Work to be completed = Please leave out pictures and print exactly the lines from the one that has "Руководство на английском" through the last line of the material below.
(Beginning of Information supplied)
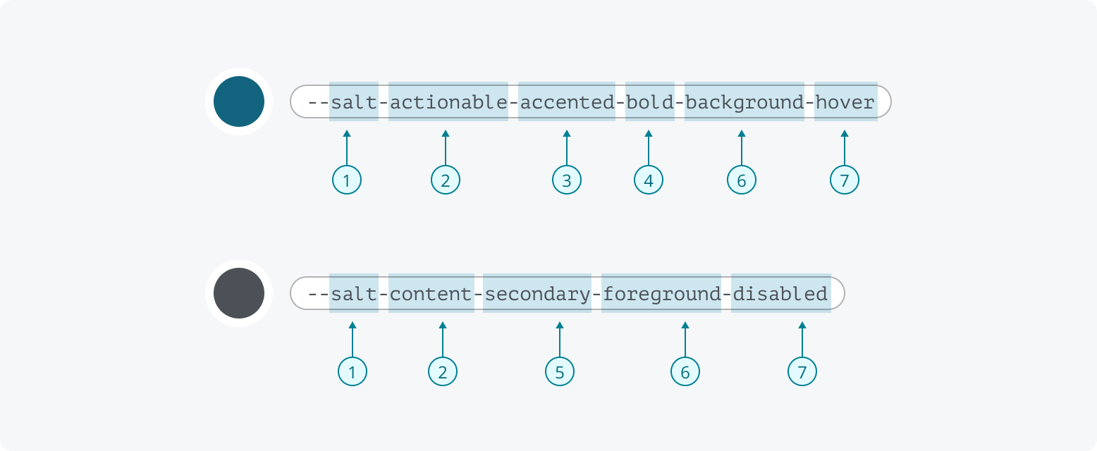 - Design system prefix*: A term that clearly attributes the token to Salt.
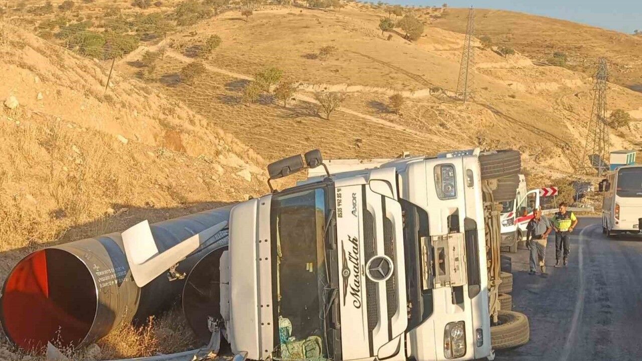Siirt’te viraj alamayarak sürücüsünün kontrolünden çıkan tır devrildi.
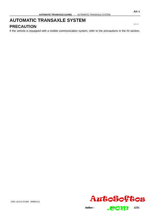 Руководство на английском языке по техническому обслуживанию и ремонту автомобиля Lexus ES300 2001 года выпуска.
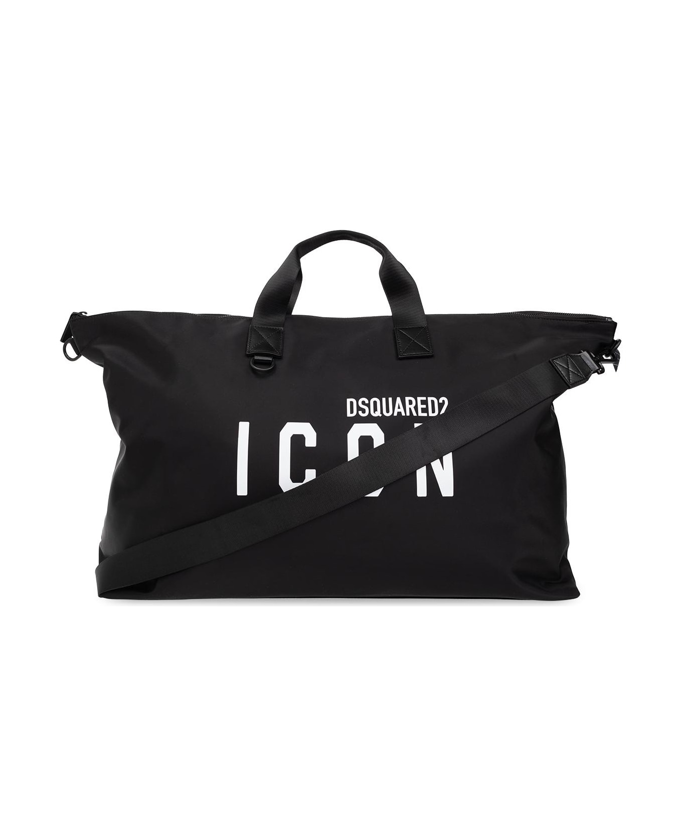 Black duffel bag from Dsquared2. Crafted from fabric, this design fastens via a zip and showcases a printed white logo on the front, two half-round handles and one internal compartment with one zip pocket and two slip pockets.
(End of Information supplied)
Output below =
 Руководство на английском языке по техническому обслуживанию и ремонту автомобиля Lexus ES300 2001 года выпуска.
 Black duffel bag from Dsquared2. Crafted from fabric, this design fastens via a zip and showcases a printed white logo on the front, two half-round handles and one internal compartment with one zip pocket and two slip pockets.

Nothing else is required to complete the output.